The following bottlenecks were recognized as actionable items requiring immediate attention and resolution:
- User Usage as a Major Contributor to Latency Increase
During the analysis of the apply coupon serving call, it was found that around 80% of the API time was spent retrieving user usage. This inefficiency stemmed from fetching multiple coupons synchronously from Redis, with a fallback to a database if the cache was unavailable. The root cause was the current method of storing user usage as separate keys in Redis, where the number of keys equaled the number of times a coupon was previously used by the user. For example, if a user had used x coupons, this approach led to the creation of x distinct keys and x Redis calls to retrieve them

- Global usage fetch was acting as a blocker!
Fetching global usage was a challenging task. We were making bulk calls to Redis with all the coupons, which took 15–20ms, but with the increasing number of coupons and users, the time taken for fetching data became a matter of concern. The current approach might not be sustainable in the long run, and we need to explore alternative solutions to optimize the time taken for bulk calls. - Handling coupons for multiple products
Including coupons on the list page means handling approximately 50 products in a request, each requiring corresponding coupon responses. We rely on a product mapping data store to determine applicable coupons for each product. However, serving coupons for all 50 products within a single request using this approach is impractical, as it would require 50 synchronous bulk Redis calls. - Multiple Sequential Downstream calls
Our serving APIs rely on synchronized external dependency calls. However, the introduction of coupon support on PLP necessitates a substantial increase in synchronized external dependency calls. This includes critical calls to User Attribute Service, Segment Service, Discount Service, Seller Service, and multiple Redis operations, each serving a crucial purpose. For instance, Segment service fetches user segments for determining segment-based eligible coupons, while User Attribute service distinguishes between new and repeat users, making new user coupons available for consideration. Moreover, Discount service retrieves running trade discounts on all 50 products in the request, enabling accurate calculation of final prices after coupon deductions. This would increase the latency of the system up to 400ms, posing a significant problem in delivering fast and efficient services to customers. Thus, we must strategize to reduce latency, ensuring a seamless user experience while embracing new features on our innovative platform.

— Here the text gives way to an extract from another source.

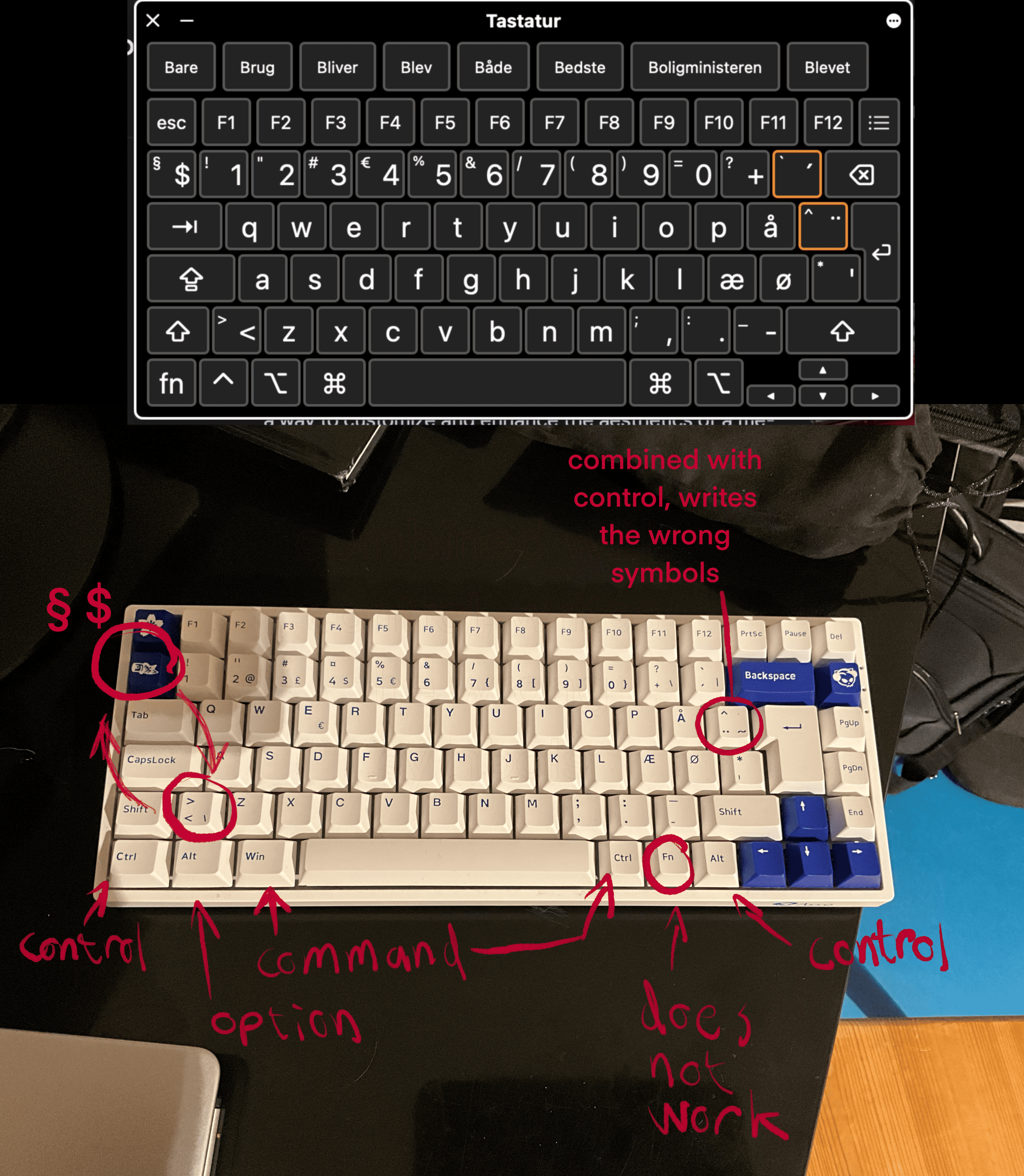 I'm trying to use my 3rd party keyboard with my M1Pro Macbook Pro running the latest version of IOS. I'm still somewhat of a new mac user. The keyboard is an Akko 3084b plus, with bluetooth. It is a windows layout keyboard, qwerty danish. As I'm using the device in danish, I should probably ask a dansih site, but I got redirected here, if there is a danish version of the community and you can redirect me there, I'd appreciate so and repost there.

- Uncontrolled Accumulation of Labels and Cache Invalidation
The platform relies on labels to effectively map coupons and their visibility concepts. Sellers have complete control over label management, with the ability to add or remove labels as deemed fit. However, it’s essential to note that labels persist in the system even after a coupon has expired in case the seller fails to remove them. This can lead to an unmanageable accumulation of data on the label front, creating challenges for system performance and optimization. We retrieve labeled coupons during serving API calls and subsequently identify those that remain valid for further computation. Furthermore, cache invalidation has proven to be a conundrum that we continue to refine our processes to address. If we invalidate the cache, it can trigger a mass exodus of calls to the database, resulting in a surge in latency and potential disruption for our users.
Our Solutioning

- Streamlining Redis I/O Calls for Enhanced Efficiency
To optimize our system, we addressed the issue of excessive Redis I/O calls when retrieving user-specific coupon information. Previously, each coupon usage required multiple Redis calls, which increased with the user’s cumulative coupon usage. To improve efficiency, we restructured the user usage key by creating a comprehensive map of all coupons utilized by a user. This redesign enables us to retrieve complete coupon usage information in a single API call, reducing the number of Redis calls required
Previous Structure :<couponidentifier_useridentifier>: <usage count>
Current Structure :<useridentifier> : {
<couponidentifier> : <usage count>,
<couponidentifier> : <usage count>
} - Enhancing Coupon Validation with global usage changes
Our system relies on Redis to track global coupon usage, using coupon codes and master template IDs as key identifiers. When a user applies a coupon, we retrieve this information to validate its eligibility, which is crucial for revenue integrity. To safeguard against breaches of usage limits and prevent illegal usage, we implement concurrency measures and fail-safe mechanisms. Our current approach utilizes Redis calls to efficiently verify coupon codes, retrieve relevant data, and perform checks to ensure validity and adherence to usage limits.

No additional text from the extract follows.